### What to work on
Retype, with no pictures, each line from the one that holds "Pg 3: Sail Superior in 2011" through the last line of the entries below, both included.

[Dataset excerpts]

§ §

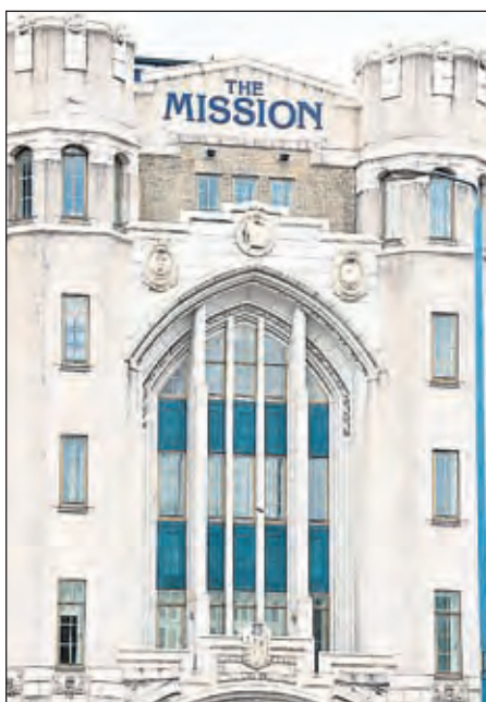
The imposing facade of The Mission

Slope down to the foot subway underneath the Blackwall Tunnel Northern Approach. On the far side, turn left up steps and follow the roadside pavement to reach Bromley-by-Bow underground station, the end of our walk.
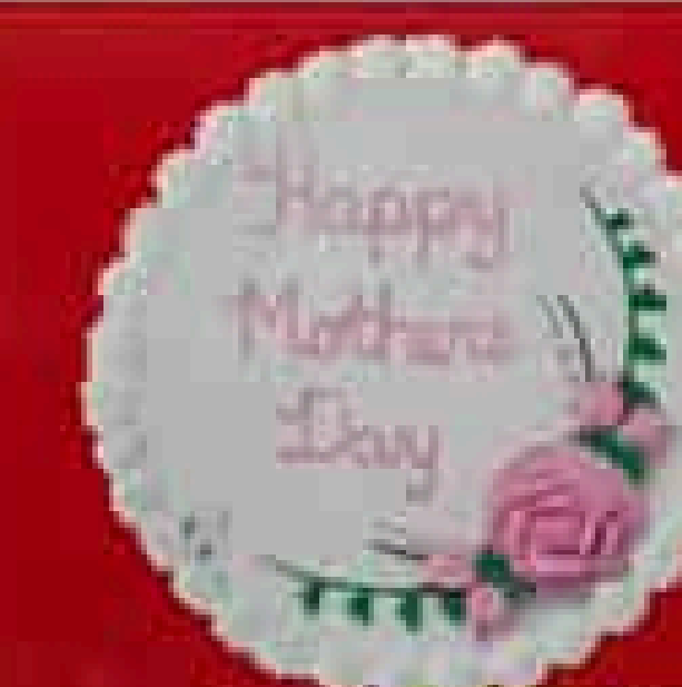
10" Round Cake Serves 16
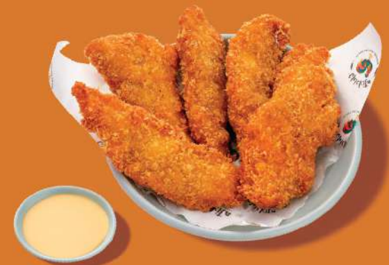
CRISPY TENDERS Cheese sauce (3PCS / 5PCS)
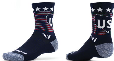
USA TRIBUTE #5EAA0ZZ
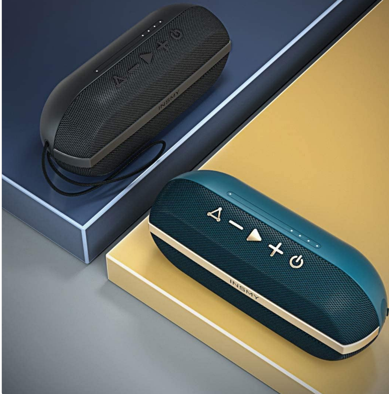
Figure 4: Two INSMY speakers configured for stereo pairing, enhancing the audio experience.

Pair two speakers via a single device for double the volume or bold stereo sound
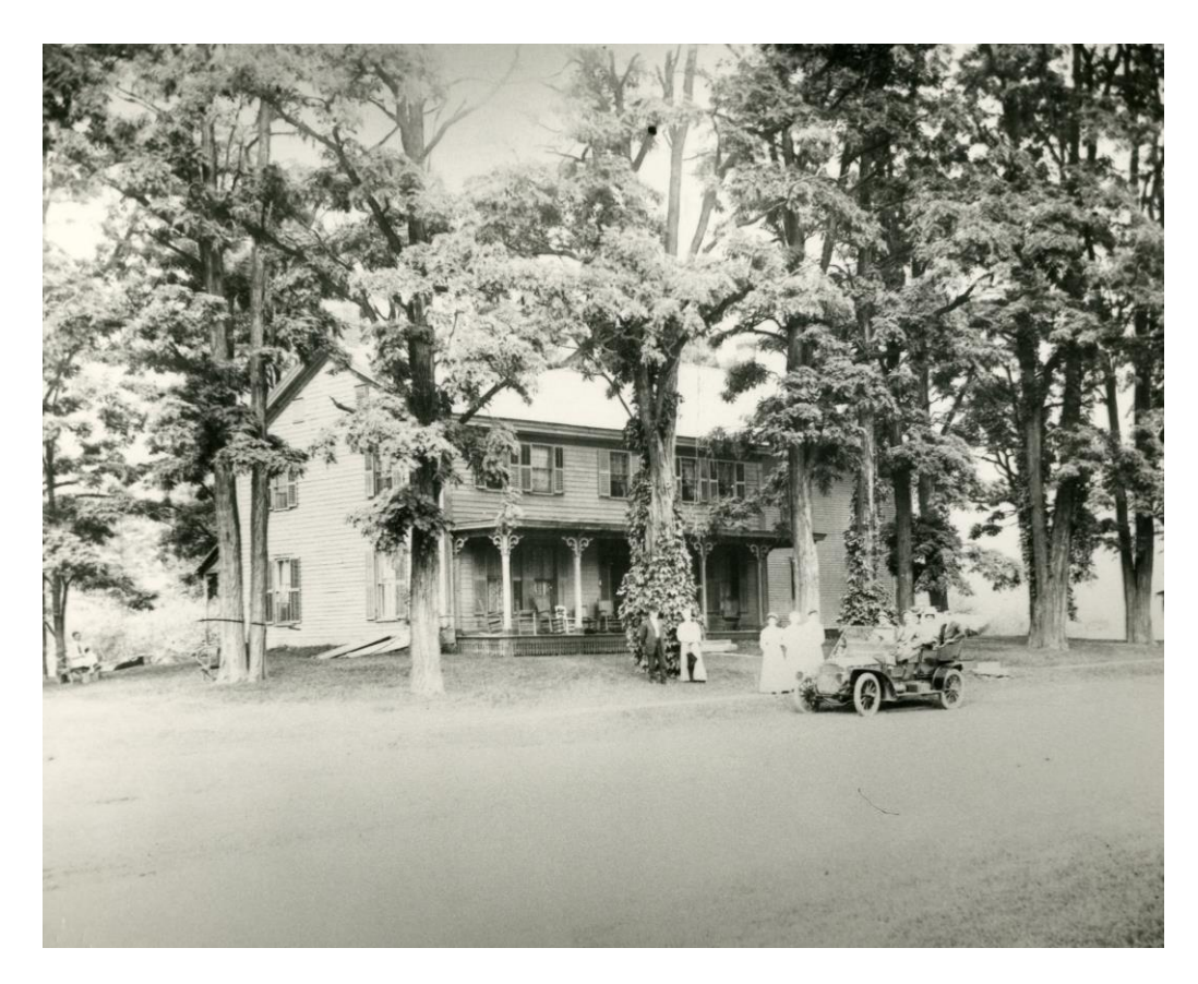
Deming Tavern / Bartlett House ca 1910.
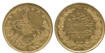
660 g Murad V (1293h) , Gold 100-Kurush, Qustantiniya 1293h, Year 1, 7.18g (KM 715). Extremely fine. £200-250
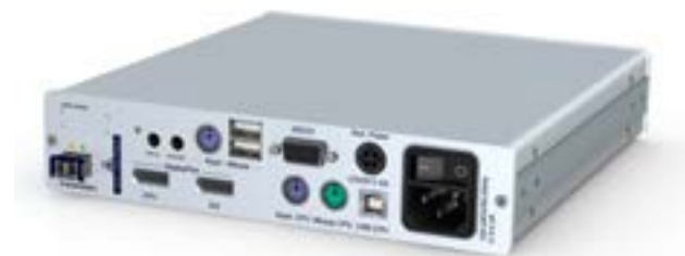
DP-Vision-Fiber-AR computer module
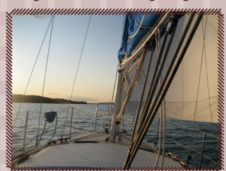
Pg 3: Sail Superior in 2011
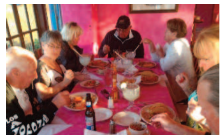
At the Captain's Table
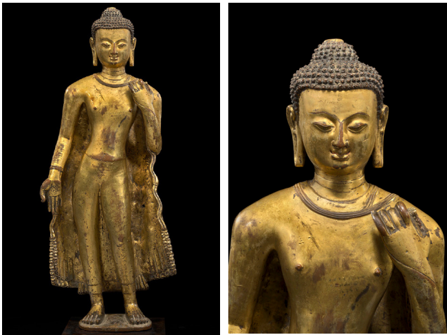
Buddha Shakyamuni (and detail), 12th century Nepal or Tibet Gilt-copper alloy with traces of pigment 27-1/2 in. (69.9 cm) The Norton Simon Foundation
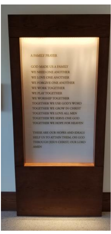
The "Family Prayer" panel that is located in the Lobby

A few of the many photographic images of our families and communities in the Heritage Center

§ §

### Solution to the exercise
Pg 3: Sail Superior in 2011
At the Captain's Table
Buddha Shakyamuni (and detail), 12th century Nepal or Tibet Gilt-copper alloy with traces of pigment 27-1/2 in. (69.9 cm) The Norton Simon Foundation
The "Family Prayer" panel that is located in the Lobby

A few of the many photographic images of our families and communities in the Heritage Center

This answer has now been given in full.